Ora, os especuladores existem nas franjas de qualquer mercado, mas não são eles quem domina os movimentos ascendentes ou descendentes do mercado. Se um especulador adquire bilhetes para um determinado espectáculo, é porque acredita que ele se vai esgotar, e que haverá procura a um preço mais elevado, o que lhe permitirá ganhar dinheiro com a candonga. Nos mercados financeiros, as coisas são mais complicadas, mas seguem a mesma lógica. E, no caso da dívida pública portuguesa, os especuladores limitam-se a antecipar as nossas fragilidades, porque a reacção dos mercados é previsível e razoável.
A dívida pública de cada país tem um rendimento e um risco: se o risco aumenta, os mercados exigem um preço superior ou deixam de comprar. E, no caso português, os mercados têm amplas razões para acreditar que o Estado não será capaz de resolver os problemas estruturais da sua economia. Pior do que isso, sabem que a execução orçamental tem sido péssima, sabem que tem havido períodos de descontrolo em que os jogos políticos levaram a que se tomassem medidas irracionais, temem que esse cenário se repita, e não têm dúvidas de que temos escondido a realidade e iludido os mercados por razões de ordem eleitoral e porque algumas das nossas instituições, que deveriam ser independentes, foram instrumentos dessa lógica perversa, como foi o caso do Banco de Portugal na "era Constâncio".
Infelizmente, se lermos o "Herald Tribune" ou o "Le Monde", que vão prestando atenção ao que se passa por cá, veremos que o seu diagnóstico é de uma simplicidade cruel. Dizem que somos o país da Europa com maiores problemas estruturais porque temos um défice persistente, que se arrasta desde há quase 20 anos, e que não conseguimos debelar. Esse défice nada tem a ver com a crise internacional, já que resulta do facto da nossa poupança não ser suficiente para cobrir o investimento público e privado, e de este investimento não se ter reproduzido, não tendo induzido o crescimento económico que era expectável e que permitiria fazer face ao endividamento. Os investidores internacionais farão certamente uma avaliação tanto ou mais severa da nossa situação.

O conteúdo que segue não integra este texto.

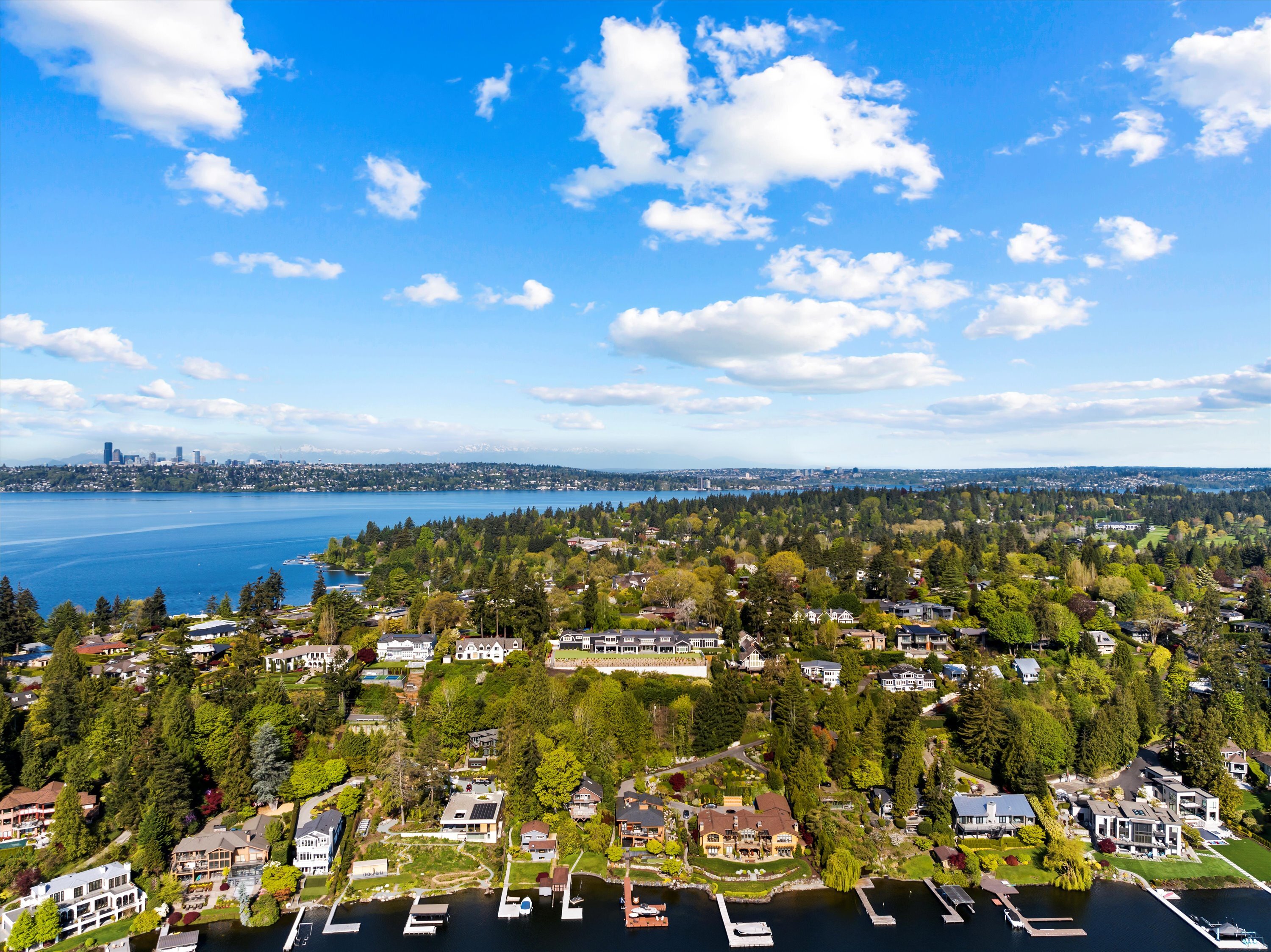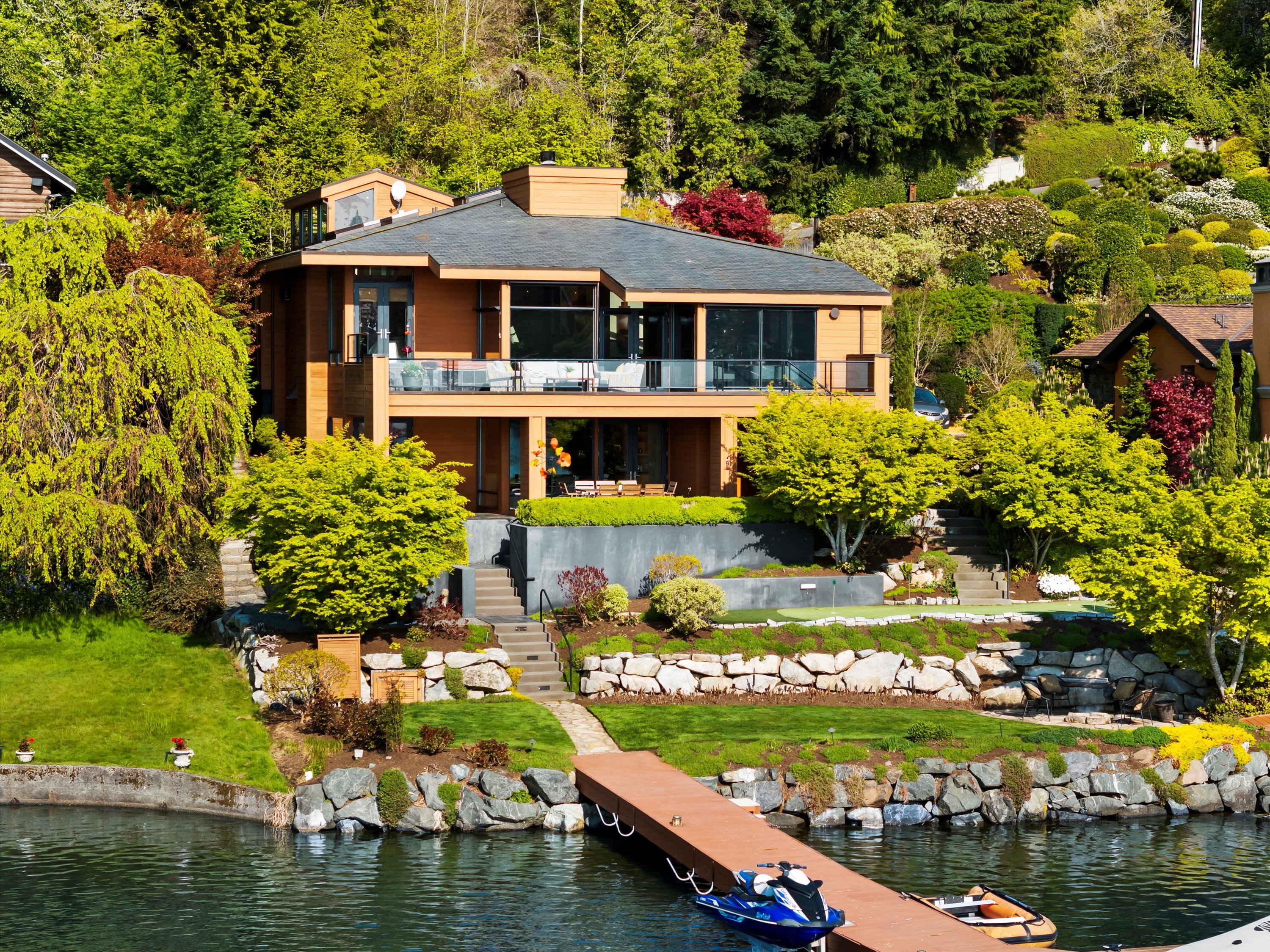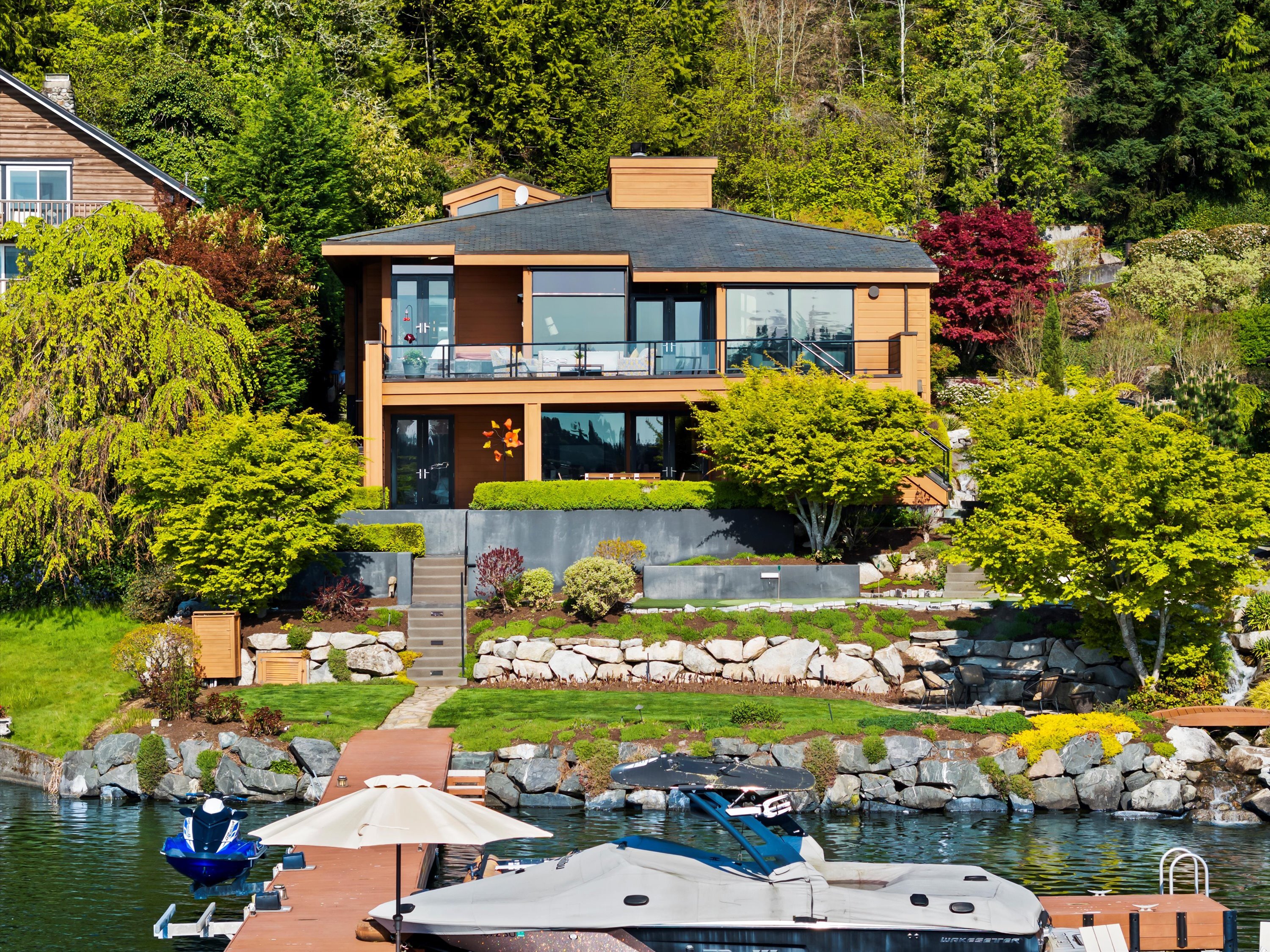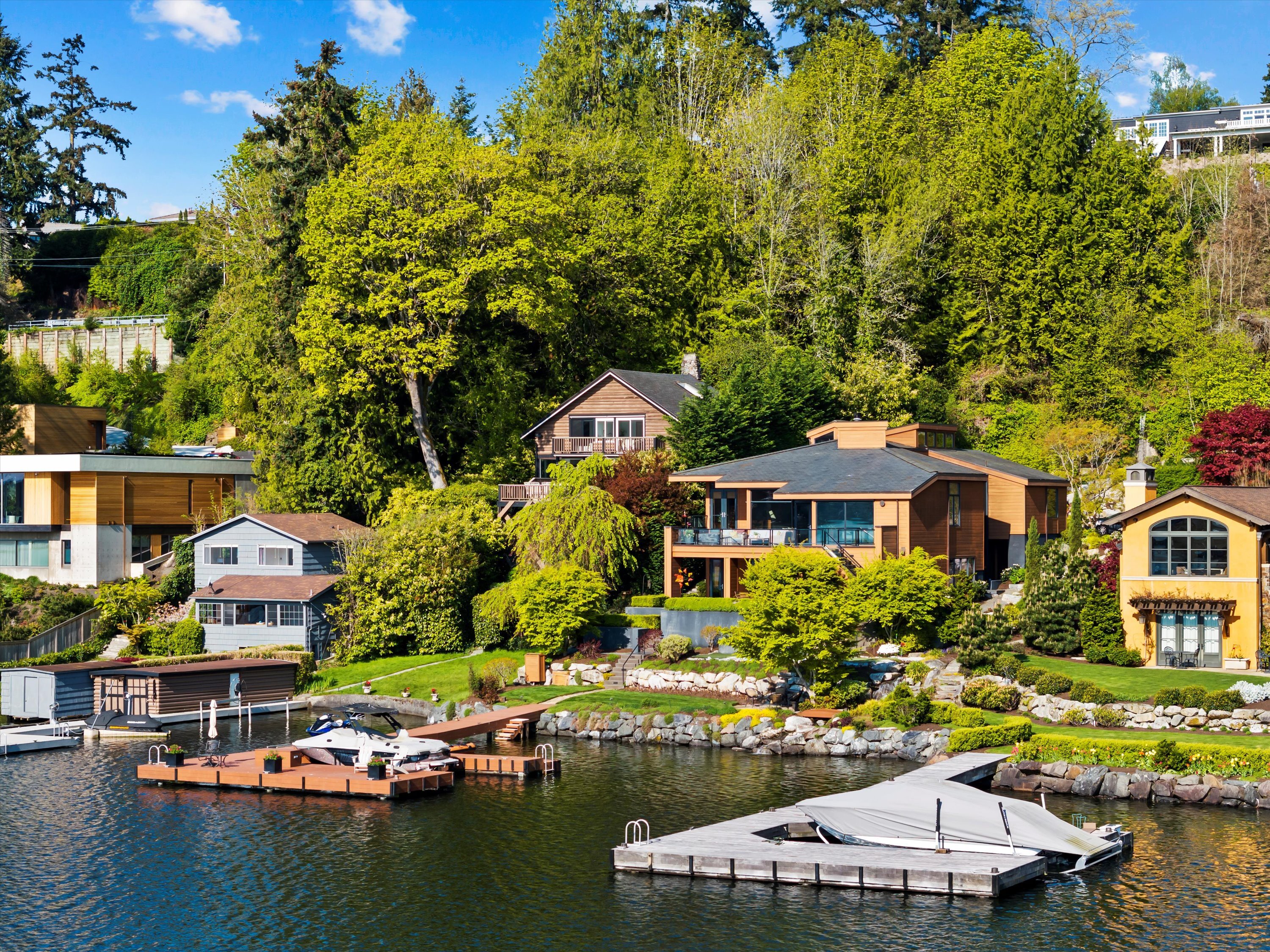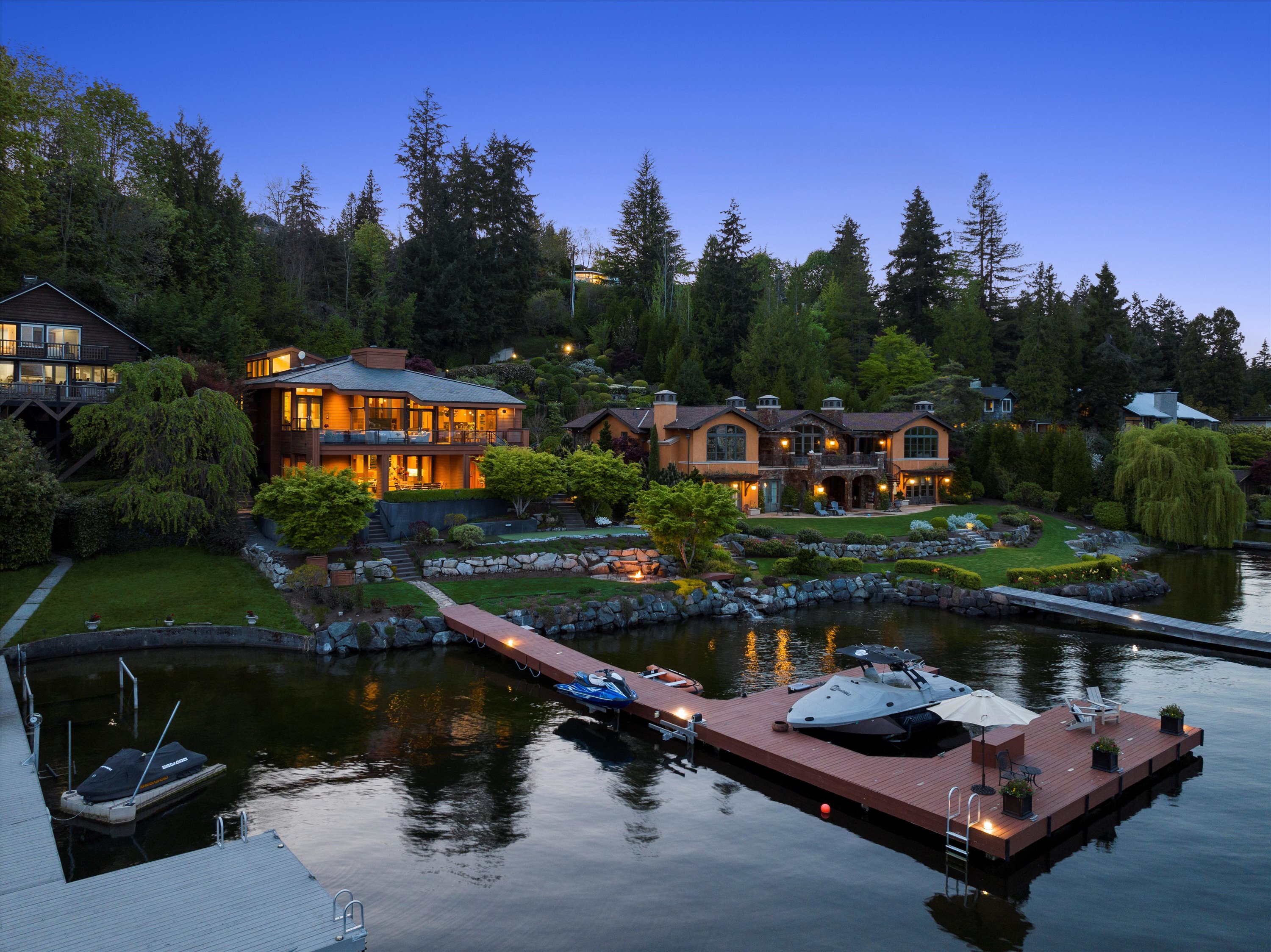 Exceptional Meydenbauer Bay south-facing waterfront work of art! Captivating views of Mt Rainier, Bellevue & the glistening waters of Lk WA. Architectural masterpiece w/cedar ceilings, walls of windows & open, light-filled floorplan. 5,580SF w/5BRs & 4BAs & view deck perfect for entertaining. Chef’s island kitchen open to living areas - all w/ exceptional lake views. Primary w/deck & spa. 2nd kitchen, wine cellar, sauna, work/flex rm & patio w/built-in BBQ. Lush grounds w/incredible waterfall, lakeside firepit & putting green. 87’ dock w/multiple lifts. A+ location 2 mins to downtown Bellevue, parks & top rated schools. Curated for effortless living & unforgettable moments, a truly extraordinary retreat where waterfront dreams are realized!

Em face disto, a única saída para esta crise passa por seduzir os mercados, convencendo-os de que a dívida pública, que iremos ter de continuar a contrair, será utilizada de forma criteriosa, e será reembolsada quando chegar à maturidade. Se os mercados acreditarem nisso, os juros serão menores, o que aliviará a pressão sobre Portugal. Passa também por convencer os nossos parceiros europeus de que farão um mau negócio se deixarem cair Portugal, porque estarão a desperdiçar a possibilidade de o nosso país recuperar, pagar o que deve, e continuar a comprar os seus produtos.
O problema é que os que nos governam são os mesmos que tardaram em tomar medidas de emergência, que não garantiram a execução orçamental e que tentaram enganar os mercados. Duvido que uma remodelação resolva o problema de credibilidade do país. No fundo, como podem os estrangeiros acreditar em nós, se temos um Governo que mente e, pior do que isso, somos um povo que se acomoda, que deixa andar, e que se descredibiliza dia a dia ao acreditar em todas estas mentiras?